Seven thousand dogs were thus happily chloroformed "into eternity" in one season. Jubilant congratulations were exchanged at the success of the apparatus. Better than shooting, drowning, hanging, vivisection, or starvation!

Let a dog die in peace. Is not this an age of humanity indeed? To sell all you have and give to the poor was nothing compared to this. We have progressed since Anno Domini I. We know better how to do it now.

Alere did not seem to trouble himself much about the dogs; he saw so much of the human nuisances.

What a capital idea it would be to set up an apparatus like this in the workhouses and in conjunction with the hospitals!

Do you know, thoughtless, happy maiden, singing all the day, that one out of every five people who die in London, die in the workhouse or the hospital?

Eighty-two thousand people died in London in 1882, and of these, fourteen thousand expired in the workhouses, and six thousand in hospitals!

Are not these ghastly figures? By just setting up a few Apparatuses, see what an immense amount of suffering would be saved, and consider what a multitude of human nuisances would he "moved on!"

The poor have a saying that none live long after they have been in a certain hospital. "He's been in that hospital—he won't live long." They carry out such wonderful operations there—human vivisections, but strictly painless, of course, under chloroform—true Christian chopping-up—still the folk do not live long when they come out.

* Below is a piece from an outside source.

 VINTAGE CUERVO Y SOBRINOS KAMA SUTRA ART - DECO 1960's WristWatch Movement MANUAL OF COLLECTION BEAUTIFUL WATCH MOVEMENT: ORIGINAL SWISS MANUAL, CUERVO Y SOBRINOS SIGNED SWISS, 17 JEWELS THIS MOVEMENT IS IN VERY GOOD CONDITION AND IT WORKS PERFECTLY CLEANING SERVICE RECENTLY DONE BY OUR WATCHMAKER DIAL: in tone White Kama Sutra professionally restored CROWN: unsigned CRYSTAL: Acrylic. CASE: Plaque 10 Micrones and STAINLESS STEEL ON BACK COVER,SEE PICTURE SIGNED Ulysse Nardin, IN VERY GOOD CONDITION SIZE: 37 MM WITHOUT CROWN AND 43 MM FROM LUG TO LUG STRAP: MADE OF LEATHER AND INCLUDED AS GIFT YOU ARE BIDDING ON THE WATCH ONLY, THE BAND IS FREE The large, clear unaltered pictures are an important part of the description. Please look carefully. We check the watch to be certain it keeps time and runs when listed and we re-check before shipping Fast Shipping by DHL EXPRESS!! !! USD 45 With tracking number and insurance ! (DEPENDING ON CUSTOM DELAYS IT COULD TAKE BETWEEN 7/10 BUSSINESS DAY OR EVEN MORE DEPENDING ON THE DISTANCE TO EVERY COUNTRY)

Why not set up the Apparatus? But a man must not die in peace. Starvation is for human nuisances.

These rich folk dwelling round about the great Babylon of Misery, where Want sits on the Seven Hills, have also distinguished themselves by yet another invention. This is the organization of alms. Charity is so holy we will not leave it to chance—to the stray penny—we will organize it. The system is very simple: it is done by ticket. First you subscribe a few shillings to some organization, with its secretary, its clerks, its offices, board-room, and "machinery." For this you receive tickets.

If a disagreeable woman with a baby in her arms, or a ragged boy, or a maimed man asks you for a "copper," you hand him a ticket. This saves trouble and responsibility.

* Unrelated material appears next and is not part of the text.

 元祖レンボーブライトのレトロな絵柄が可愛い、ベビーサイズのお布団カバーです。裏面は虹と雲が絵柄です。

The beggar can take the ticket to the "office" and get his case "investigated." After an inquiry, and an adjournment for a week; another inquiry, and another adjournment for a week; a third inquiry, and a third adjournment, then, if he be of high moral character and highly recommended, he may get his dinner.

One great advantage is conspicuous in this system: by no possible means can you risk giving a penny to a man not of high moral character, though he be perishing of starvation.

If a man asks for bread, will ye give him a stone? Certainly not; give him a ticket.

They did not understand how to do things in Judea Anno Domini I.

This organization of charity saves such a lot of money: where people used to give away five pounds they now pay five shillings.

Nothing like saving money. And, besides, you walk about with a clear conscience. No matter how many maimed men, or disagreeable women, or ragged boys you see, you can stroll on comfortably and never think about them; your charity is organized.

If the German thinkers had not found out twenty years ago that there was no Devil, one would be inclined to ascribe this spurious, lying, false, and abominable mockery to the direct instigation of a Satan.

The organization of charity! The very nature of charity is spontaneousness.

You should have heard Alere lash out about this business; he called it charity suppression.

Have you ever seen London in the early winter morning, when the frost lies along the kerb, just melting as the fires are lit; cold, grey, bitter, stony London?

Whatever can morning seem like to the starved and chilly wretches who have slept on the floor, and wake up to frost in Fleet Street?

The pavements are covered with expectoration, indicating the chest diseases and misery that thousands are enduring. But I must not write too plainly; it would offend.